United States District Court, N.D. Texas, Dallas Division

September 17, 2019

THE UNITED STATES OF AMERICA, ex rel. EMERSON PARK
v.
LEGACY HEART CARE, LLC, LEGACY HEART CARE OF FORT WORTH, LLC, LEGACY HEART CARE OF AUSTIN, LLC, LEGACY HEART CARE OF MIDTOWN AUSTIN, LLC, TRINITY HEART CARE, LEGACY HEART CARE OF SAN ANTONIO, LLC, LEGACY HEART CARE OF KANSAS CITY, LLC, MICHAEL GRATCH, TUAN D. NGUYEN, VU D. NGUYEN, VINH D. NGUYEN, and NIMA AMJADI

          MEMORANDUM OPINION AND ORDER

          KAREN GREN SCHOLER UNITED STATES DISTRICT JUDGE.

         Plaintiff-Relator Emerson Park ("Relator") brings this qui tarn action against Defendants Legacy Heart Care, LLC ("LHC"), Legacy Heart Care of Fort Worth, LLC, Legacy Heart Care of Midtown Austin, LLC, Legacy Heart Care of Austin, LLC, Trinity Heart Care, Legacy Heart Care of San Antonio, LLC, Legacy Heart Care of Kansas City, LLC (collectively "LHC Entities"), Michael Gratch (together with LHC Entities, the "LHC Defendants"), Tuan D. Nguyen, Vu D. Nguyen, Vinh D. Nguyen, and Nima Amjadi ("Medical Director Defendants"), alleging that LHC Defendants and Medical Director Defendants defrauded the United States while providing Enhanced External Counterpulsation ("EECP") to Medicare patients.

         Pending before the Court is LHC Defendants' and Medical Director Defendants' Motions to Dismiss Relator's Third Amended Complaint ("Motions to Dismiss) [ECF Nos. 100, 102], and their Joint Motion for Attorneys' Fees ("Motion for Attorneys' Fees") [ECF No. 93]. For the reasons that follow, the Court grants in part and denies in part the Motions to Dismiss, and denies the Motion for Attorneys' Fees at this time.

         I. BACKGROUND

         Pursuant to Special Order 3-318, this case was transferred from the docket of Judge Sam A. Lindsay to the docket of this Court on March 8, 2018. As the present action is the subject of a prior opinion of this Court, see United States ex rel. Park v. Legacy Heart Care, LLC, Civ. A. No. 3:16-CV-803-S, 2018 WL 5313884 (N.D. Tex. Oct. 26, 2018), the Court will discuss the background facts only to the extent necessary for this Memorandum Opinion and Order.

         The procedural posture of this qui tarn action is worthy of note, Relator filed his initial complaint under seal on March 22, 2016. See ECF No. 2. After over a year of investigation, the United States decided not to intervene in this action, and the Court ordered the unsealing of the complaint on September 19, 2017. See ECF Nos. 16, 17. LHC Defendants and Medical Director Defendants filed their initial motions to dismiss the complaint on January 31, 2018, but the Court denied these motions as moot because Relator amended his complaint.

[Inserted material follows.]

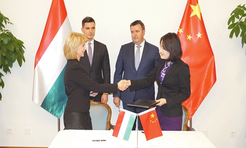 Hungarian Ambassador to China Máté Pesti (left behind) and Hungarian Minister of Innovation and Technology László Palkovics (right behind) witness the signing. Photo: Yin Yeping/GT
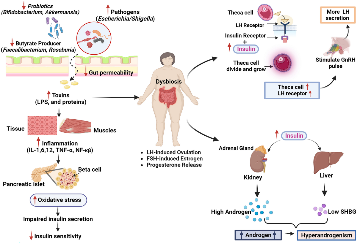 O intestino associado à SOP apresenta níveis mais elevados da enzima microbiana intestinal β-glucuronidase, causando a desglucuronidação do andrógeno conjugado, tornando-o suscetível à reabsorção pela circulação entero-hepática, levando a um nível mais alto de andrógeno no sistema circulatório.

See ECF Nos. 31, 33, 39, 57. Thereafter, LHC Defendants and Medical Director Defendants filed a renewed set of motions to dismiss on March 7, 2018. See ECF Nos. 42, 45. Although Relator amended his complaint for a second time, the amendment served only to clarify the parties to the suit, and all parties agreed that it did not moot the second set of motions to dismiss. See ECF No. 60.

         On October 26, 2018, the Court granted LHC Defendants' and Medical Director Defendants' second set of motions. See Park, 2018 WL 5313884, at *9. Significantly, the Court dismissed Relator's claims against then-defendants Michael Grad, M.D., Legacy Heart Care of South Austin, LLC, Legacy Heart Care of Phoenix, LLC, and Legacy Heart Care of Charlotte, LLC with prejudice after finding the allegations "to be potentially a violation of Fed.R.Civ.P. 11 (b)(3) and an unreasonable stretch of deduction." Id. at *5. The Court granted Relator leave to replead the remaining claims, id. at *9, and Relator filed his Third Amended Complaint (the "Complaint") on November 26, 2018.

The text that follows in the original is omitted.